It’s easy to become overwhelmed debt and repayments, especially if you have several loans or credit cards with different lenders. Reducing outgoing repayments can help to reduce financial stress, making repayments more manageable and potentially removing high interest costs.
In this blog, you’ll find some information on how to consolidate your debt and habits to follow to stay on top of your debt.
What is a Debt Consolidation Loan?
As the name suggests, a debt consolidation loan rolls your outstanding debts into one loan to help reduce the outgoing monthly repayment. This type of loan has advantages of potentially lowering the interest rate from what you have been paying on credit cards or other loans, lowering any monthly or annual fees payable on different accounts and helping make your debt level more manageable through one repayment.
What are the disadvantages of Debt Consolidation?
Before you rush out and start a debt consolidation loan, you need to take a few steps to ensure it is the right option for you. Different lenders offer different interest rates, establishment fees and monthly costs, with some charging an early exit fee if you pay out the loan early.
Check the following information on your current debts you are wanting to consolidate.
- Check the loan contracts for any exit fees and take this cost into consideration with the new loan.
- What is the interest rate you are paying on your current loans.
- Does the current loan allow you to pay out early with minimal cost.
- Are you going to get a benefit from consolidation existing debts
How to consolidation debts
The first option most people tend to use is a debt consolidation loan. This is essentially a personal loan to cover outstanding debts and allows you to lock in the interest rate and repayments for the loan term which can help when sticking to a budget. The loan term can range from 1 to 7 years depending on your budget.

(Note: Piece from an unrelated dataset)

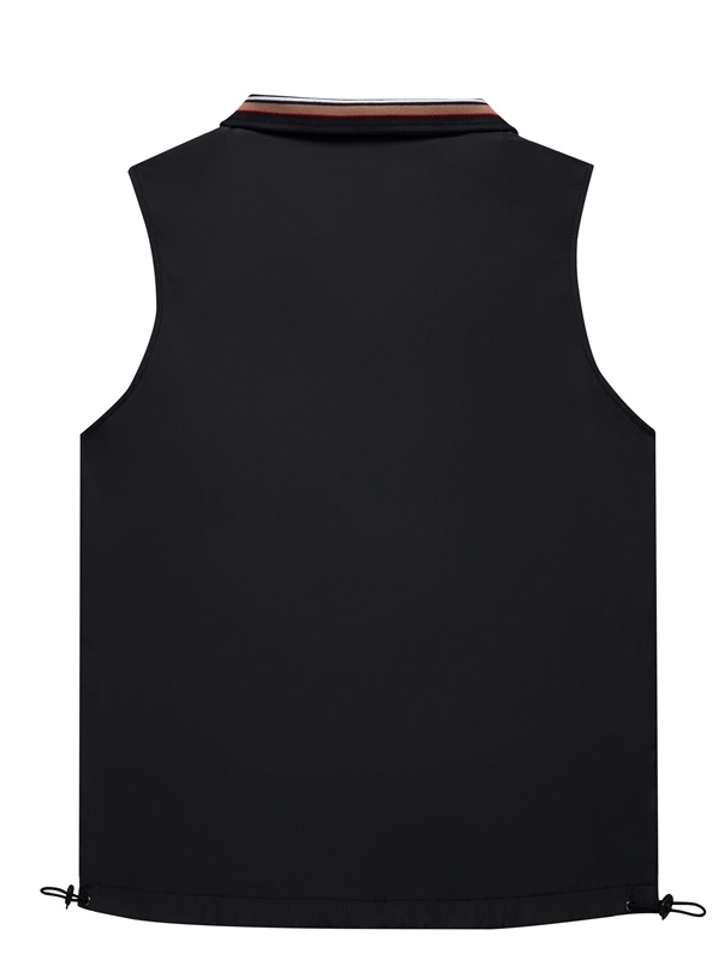 这款马甲外套采用立领的款式设计,可以很好的修饰颈部线条与脸型。开合顺畅的金属拉链,穿脱方便,搭配两侧的斜插口袋,便于置物,美观实用。
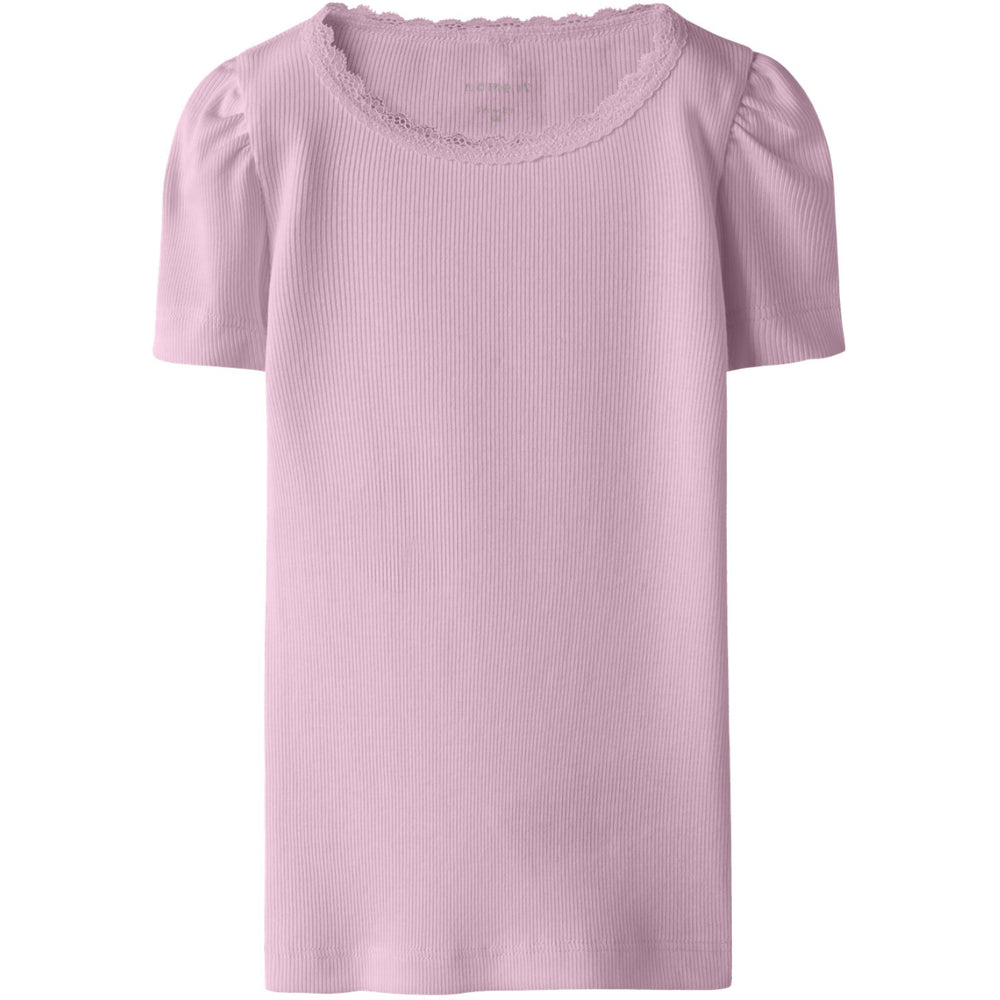 Dress your little one in the Name It Fragrant Lilac Nmfkab Ss Top, an essential T-shirt that blends style with comfort. Crafted from rib knit with a vertical striped pattern, this top offers excellent elasticity and a soft feel, ensuring a comfortable fit all day long. Featuring charming puff sleeves with delicate lace details, a classic round neck, and a regular fit, it’s perfect for both fun playdates and festive occasions. The timeless design and soothing lilac color make it a versatile addition to any young wardrobe. Ideal for effortless care, this T-shirt keeps looking great wash after wash. Fit: Regular Materials: 57% Cotton - Organic, 38% Modal, 5% Elastane Materials and care: Wash with similar colors Washing instructions: Maximum Washing Temperature 40°C - Normal Process-

Benefits of a Personal Loan Debt Consolidation
- Removes other higher personal loan or credit card interest rates
- Removes monthly fees over multiple accounts
- Easier to manage repayment
How to stay on top of debts
A Debt Consolidation loan does not remove your debt entirely. It helps you manage your monthly expenses and can reduce the total interest component you would pay over time over multiple accounts. It is advisable though to adopt sensible money skills to avoid relying on debt consolidation loans. A few steps to follow:
- Know your budget.
A coffee here, a coffee there…By knowing where your spending your money, you can manage spending to help pay off your debts sooner.
- Have a backup
Having a backup or emergency fund will help remove stress if an unexpected expense pops up. This will save you having to use credit cards.
- Small to Big
Paying off smaller debts first can help if you’re setting a goal. Once the smaller debt has been paid off, you can focus on the next debt and so on. Remember to direct the excess payments you had been making towards the next debt to keep the momentum moving.
- Extra Payments
Making additional or higher loan repayment can make a significant difference to the amount of interest you will pay and how long you will have the loan for.
(As an example: On a $20000 loan over a 5 year term, by paying an extra $10 per week on top of your loan repayment, you could reduce the loan term by up to 7 months and reduce the interest payable by approximately $1100)
So with inflation, 1 really nice coffee per week could save you up to $1100
- Extra Money
From time to time, you may come into some extra money. Consider using this to pay into your loan or clear out smaller debts.